I don’t know what it will take to get it through people’s heads that there are no corporations in a state of nature. The point was well made by yet another correspondent to the Wall Street Journal letters page: “Corporations are created by state (and, rarely, federal) law, and none can exist except by government charter. As Chief Justice John Marshall wrote in 1804, a corporation ‘is a mere creature of the act to which it owes its existence.’… the more recent enactment of limited liability company laws should illustrate the point: Before these laws were enacted, there were no such organizations. But now there are.” Nor will it do to assert that a corporation is a mere “association of persons” and therefore obtains its libertarian rights from the rights of the persons so associated. A Fortune 500 corporation is not the same sort of entity as your Friday night poker game, which does not require a government charter — although the game may very well be busted by the police if the stakes are too high. A corporation wants certain things from the government. It wants its liability limited, and it wants agencies of the government to enforce the terms of contracts into which it may have entered. No such entity is found in a state of nature.
The Constitution does indeed prohibit Congress from infringing upon certain natural rights — but it is no stretch to suggest that those are the rights of living, breathing, natural human beings. (Thomas Mitchell doesn’t consider the dissent of Justice Stevens in the Citizens United case, in which, as I understand it, he insists it was always the Founders’ understanding that corporations were to be subject to regulation.) Mitchell expounds upon the philosophy of John Locke’s Second Treatise as though he were a college professor who had written a doctoral dissertation on the matter. He knows that, in a state of nature, people have to give something up to a government of some kind or they cannot survive.
Americans don’t want to concede anything to the state. Mitchell does no more than to expound a dime-store philosophy on the matter. But what is he going to do, if someone bigger and stronger proposes to violate his precious natural rights? Why shouldn’t I then say: No rights apart from the state?

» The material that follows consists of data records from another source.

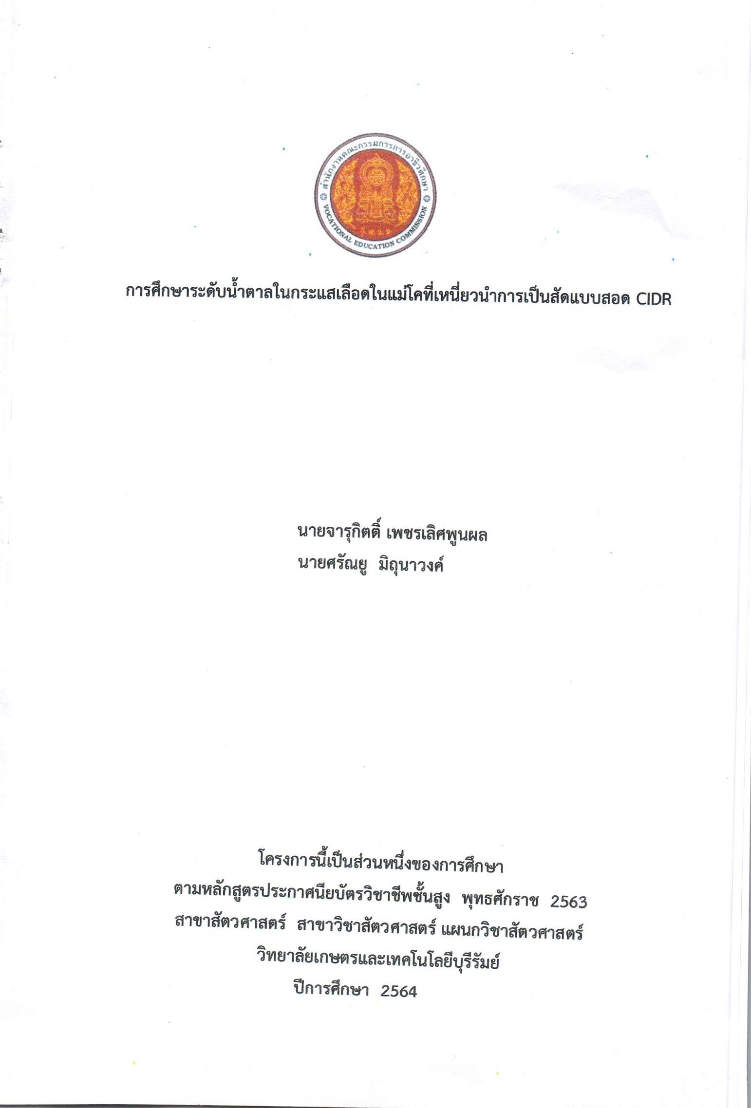 การศึกษาระดับน้ำตาลในกระแสเลือดในแม่โคที่เหนี่ยวนำการเป็นสัดแบบสอดcidr
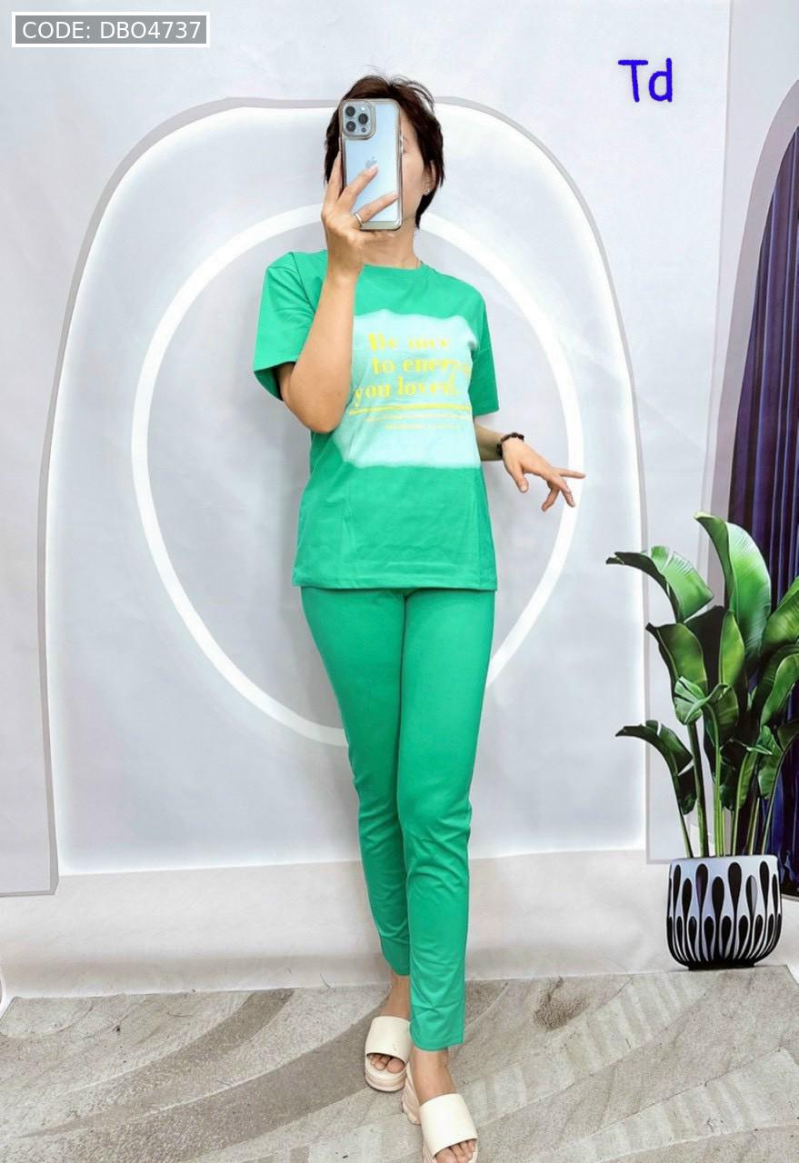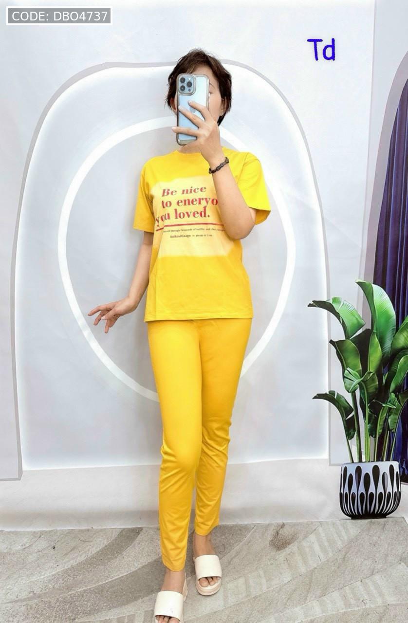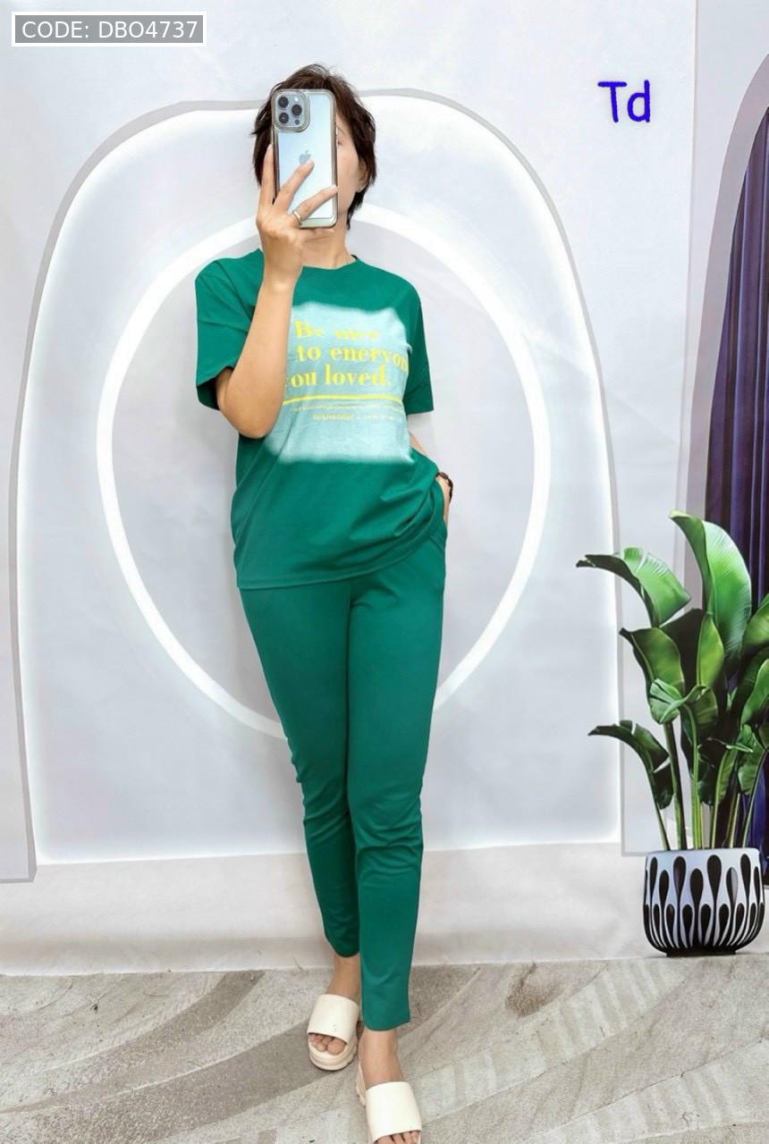 Shop sỉ đồ bộ quần dài bo thun áo tay ngắn in bảng chữ
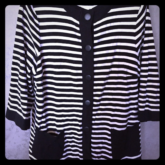 Never worn light weight jacket black and white striped flares out at waist
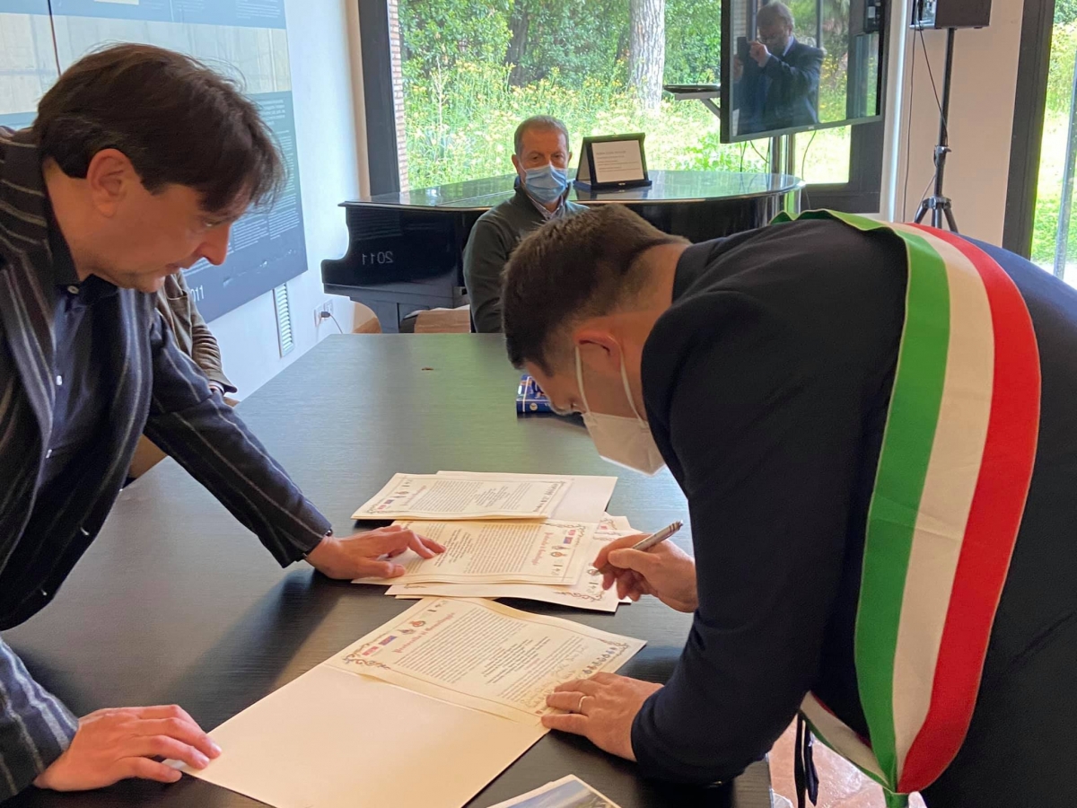 "Nella giornata di ieri, 29 aprile 2021, con una delegazione dell’Amministrazione comunale di Agnone e del Centro Studi Alto Molise, ci siamo recati a Roma presso il Parco Archeologico dell’Appia Antica per firmare il documento di gemellaggio tra il citato parco e i Parchi Letterari e del Paesaggio, nello specifico con il Parco Letterario “F. Jovine”.
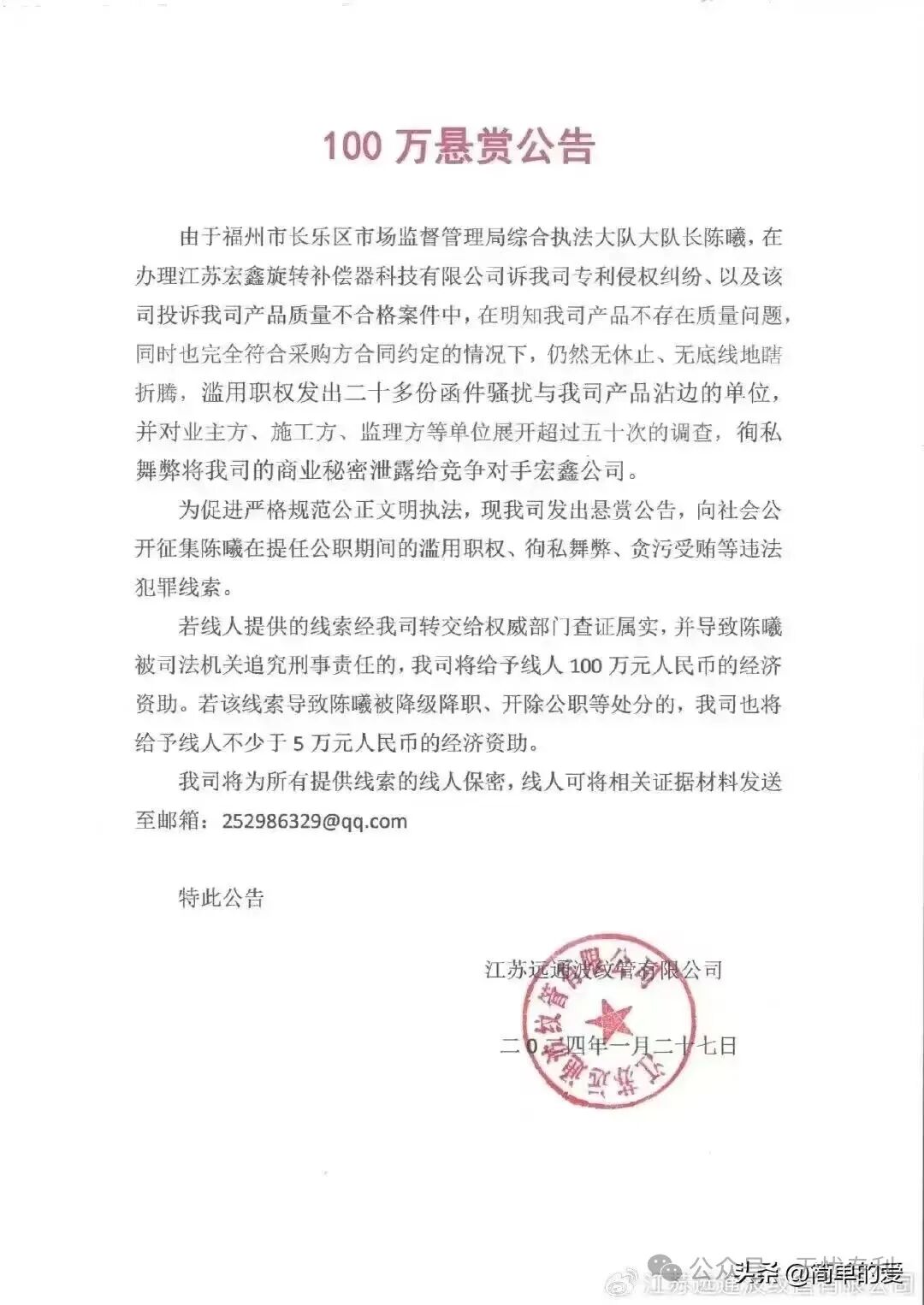 100万悬赏公告-江苏远通波纹管有限公司
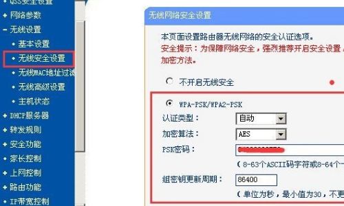 5、点击【无线设置】-【无线安全设置】 来给 我们的wifi设置 访问密码 选择WPS-PSK PSK密码里添 您要设置的wifi密码。周期可以设置为0 不更新改变。
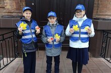 ЮИДовцы раздавали поздравительные открытки сделанные своими руками и светоотражатели. Также, напомнили о безопасности на улицах города.
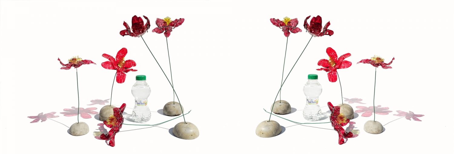 Abbiamo usato la vernice da vetro, per rispettare la trasparenza della plastica; giallo per il pistillo e rosso per i petali.
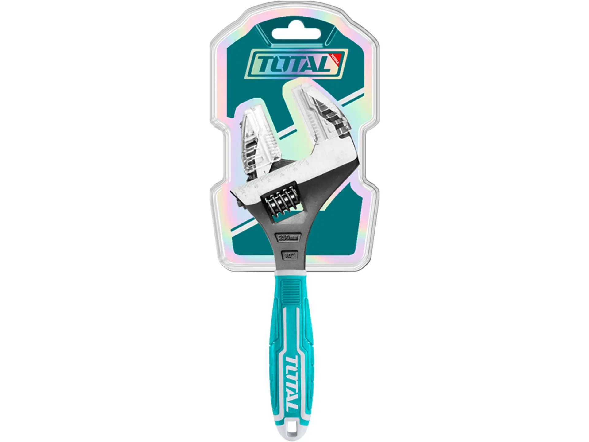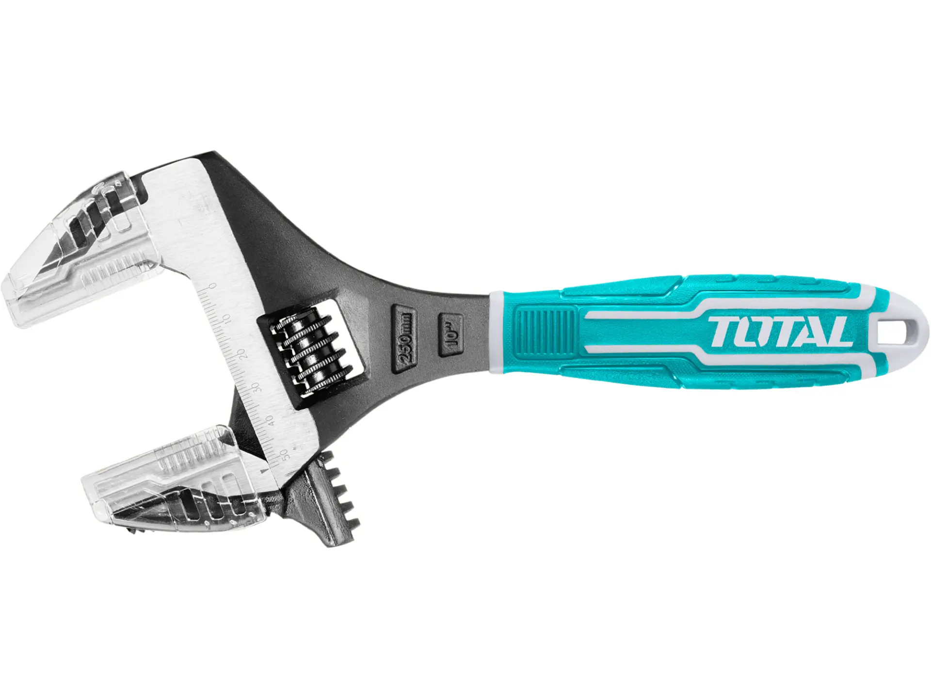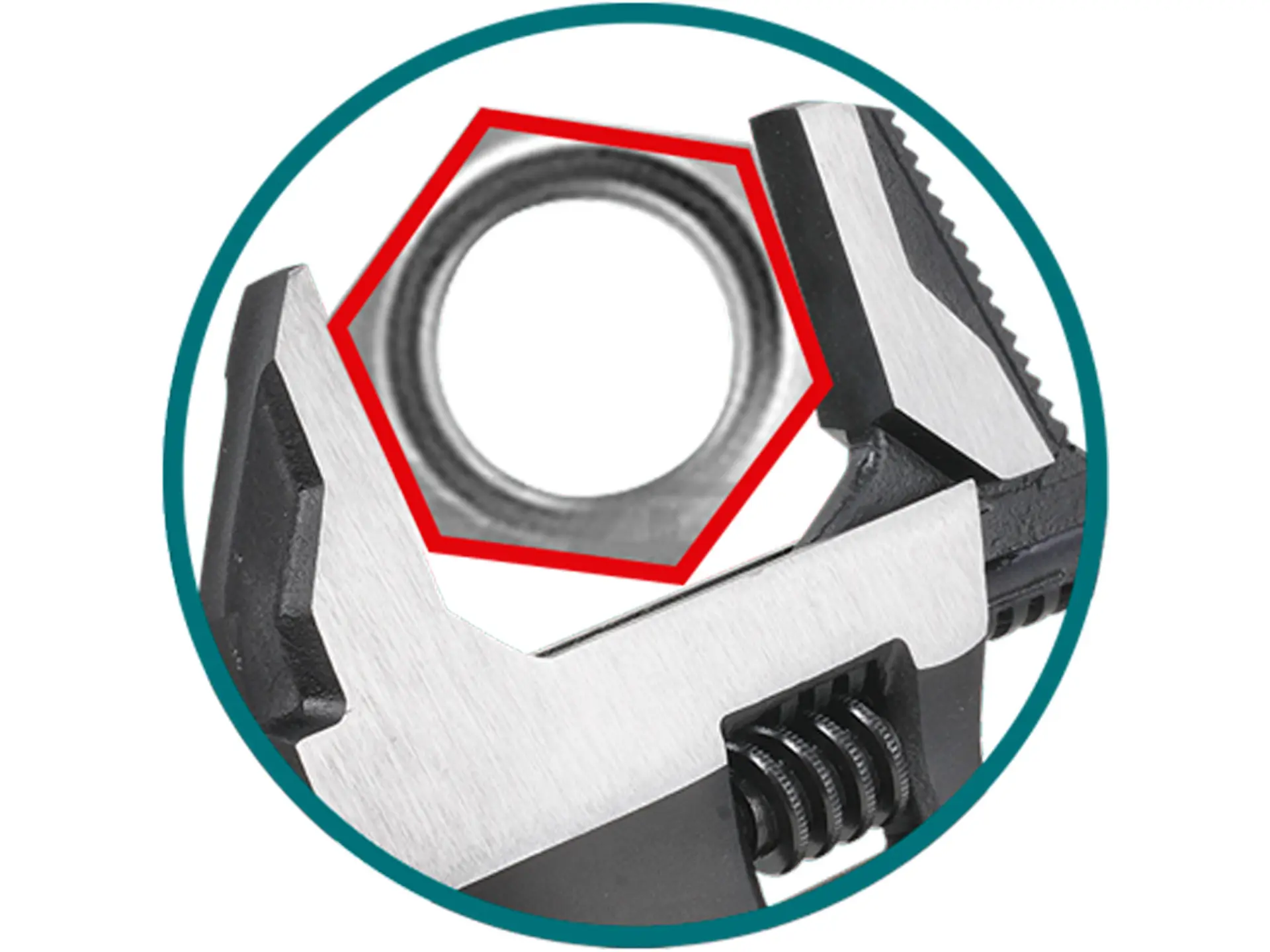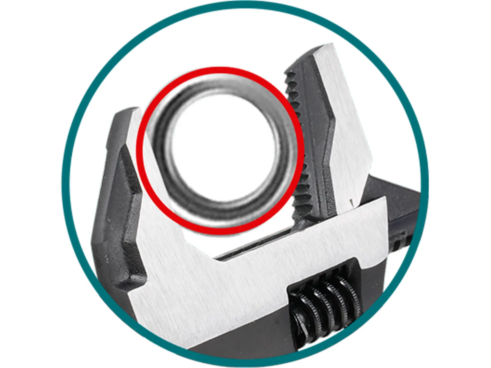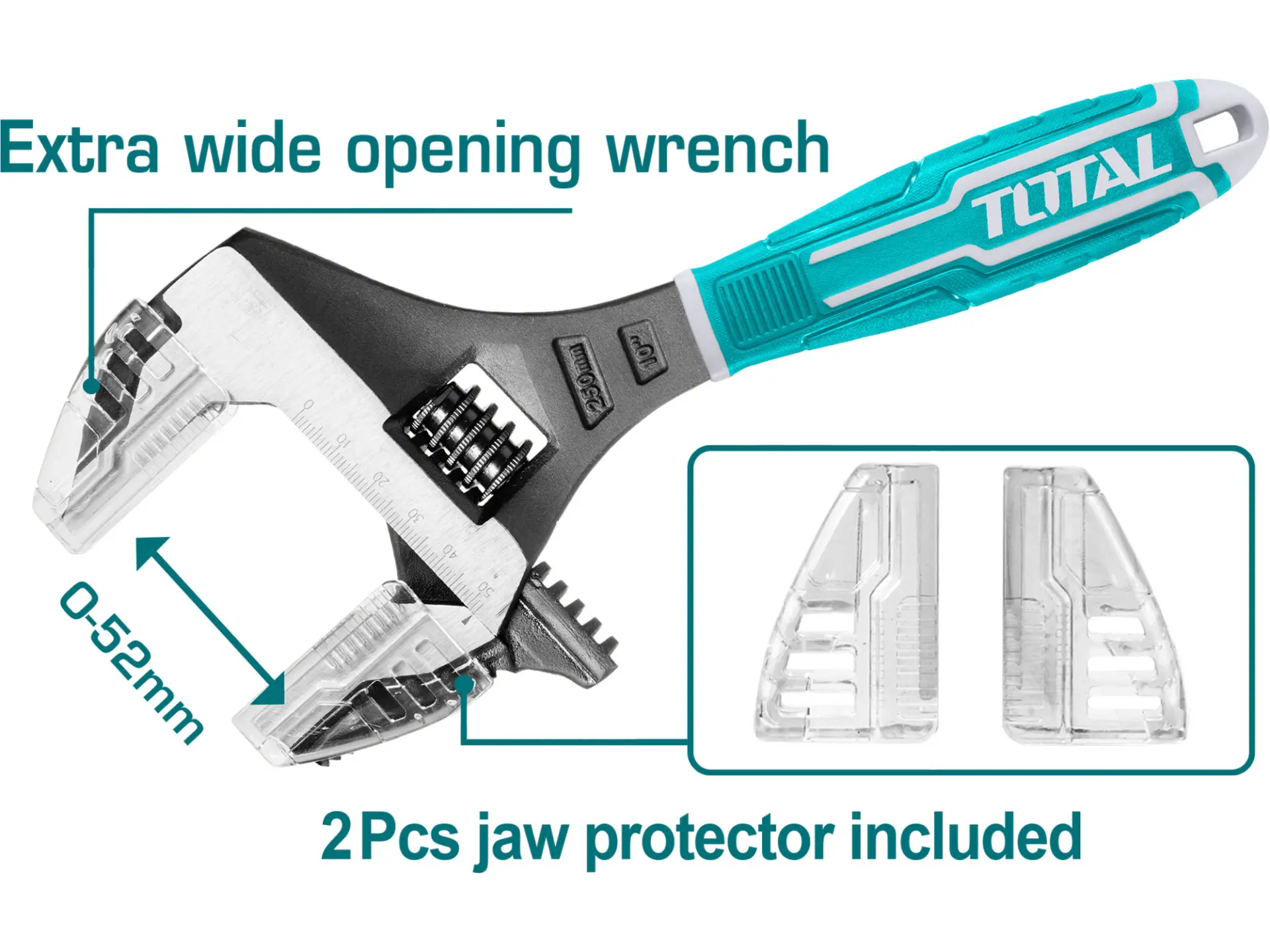 Nastavitelný klíč s funkcí hasáku, Extra široký otvor: 0-52 mmDélka: 250 mm, CRV, Včetně 2ks chrániče čelistí pro ochranu povrchu obrobkuVýměnná hlava, Jedinečný design dvoubarevné měkké rukojetiObzvláště ideální pro utahování a odstraňování matic, posuvných matic a pojistných matic pod dřezem a toaletou.
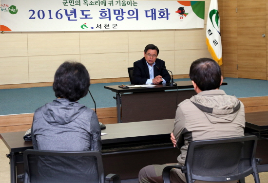 한편, 지난 2015년 희망의 대화는 정책동행과 연계하여 총6회에 걸쳐 56명의 주민이 참여했고 서천군은 주민이 제언한 민원을 처리하면서 주민과 함께하는 소통행정을 펼치고 있다. 5월중 희망의 대화는 5월 18일 군청 대회의실에서 열린 예정이다.

People think they can get rid of the state, but it has been noticed that without such a thing, we don’t find much in the way of civilized human existence, or even beings that we would recognize as human — not much more than the existence of primitive hunter-gatherers or cave people, as a matter of fact. That’s why many thinkers have found the whole “state of nature” concept to be fit for ridicule, except perhaps as a thought experiment.
Rights need be understood in context. They have little or no meaning outside of a setting provided by a government or state apparatus. I am reminded of a statement made by a cranky, exasperated college professor: “What in the heck is a right? Has anybody ever seen one?”